Hey Canada, meet Paul “much more” Martin:
He wants to do much more, it will surely cost much more, and taxpayers deserve much more detail

Ottawa - Tuesday, April 29, 2003 - by: Walter Robinson, Federal Director, Canadian Taxpayers Federation


What a difference a weekend makes. Leading Liberal leadership contender Paul Martin emerged from the depths of invisibility to leap onto the front pages of our newspapers and pop up on several public affairs shows in a scant 48 hours. He was discussing his plans for Canada when — er, um should — he become Prime Minister. Several media outlets noted that Mr. Martin wants to lead a “much more” activist government.




Mr. Martin was admittedly smooth in handling most questions thrown his way. Sadly his answers on issues ranging from health care waiting lists to strained Canada-U.S. relations to the environment to the urban agenda were peppered with platitudes and outright vagueness.




Consider this gem from Mr. Martin:
“I want to lead a government with a renewed sense of purpose and a sharper focus and a clearer plan. A government unafraid to change, a government that is eager to turn the page and a government that wants to look to the future.”
How about just saying I love mom, apple pie and live by the golden rule? This passage could be mouthed by any person who has or ever will run for office.




As for the Chrétien government, Mr. Martin noted:
“But in recent times a kind of complacency, a certain drift, has set in.”
True? Yes. Earth shattering? No. At least we know that Mr. Martin has a compelling grasp of the patently obvious.




Of course it wasn’t all bad, Mr. Martin did let a few policy positions slip out — much to the chagrin of his legion of handlers. He was correct in acknowledging Canada’s diminished influence on the world stage. What he failed to tell the audience was that the cumulative effect of his budget decisions as Finance Minister through military cuts and other decisions have partly contributed to this diminishment.




He also failed to note his silent and acquiescent place at the federal Cabinet table as Jean Chretien invoked closure on decisive public policy debates much more than any other Prime Minister in Canadian history.




On tax cuts, Mr. Martin stated his preference for reducing income taxes over cuts to the GST. Good, but how, when and by how much? Taxpayers deserve much more detail from much more Paul.




Mr. Martin wants to do much more for low-income Canadians and the elderly. Who doesn’t? But how? Does this mean much more via income redistribution schemes? Or will Mr. Martin — to tear a page from his book — turn the page and let Canadians keep much more of their hard earned wages to begin with.



how about

This is exactly what the Canadian Taxpayers Federation is after with its proposal to raise the basic personal exemption and spousal exemption to $15,000 (from their current levels of $7,756 and $6,586 respectively) by 2008. This would cost the treasury $4.4 billion annually and be much more fair to lower-income Canadians. It would also ensure that much more Canadians (2.1 million), would be removed from federal tax rolls.

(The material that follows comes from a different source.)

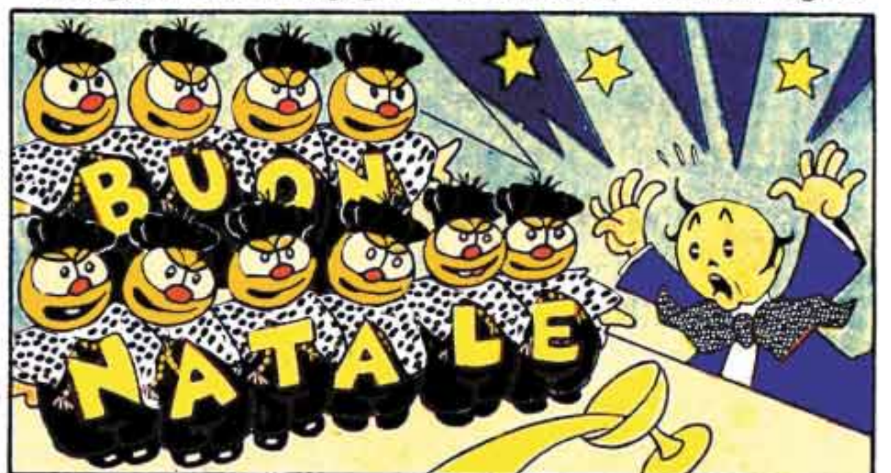
8 "Mamma mia, mi sento male!" Urla Silvio, poverino! I regali di Natale? Dieci volte il burattino!

(Ignobile manipolazione di Sergio Staino su una splendida tavola di Antonio Rubino del 1932)
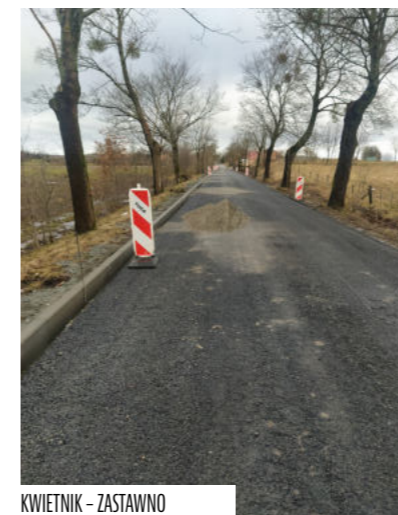
KWIETNIK – ZASTAWNO

Mr. Martin wants to improve federal support for urban centres. Sounds good, but how much more support does much more Paul want to give? Perhaps he should look much more at the Canadian Taxpayers Federation Municipal Roadway Trust model that would devote much more of the annual almost $5 billion gas tax haul by Ottawa. Details from much more Paul on this question would be much more beneficial for cities and taxpayers alike.




It is probable that Mr. Martin will win the Liberal leadership, much more so than Sheila Copps or John Manley. But much more Paul needs to be much more forthcoming about his vision, and its cost, for taxpayers. Hopefully his next town-hall gig will provide much more in the form of detail. If he needs inspiration, rumour has it the studios of Much More Music are available.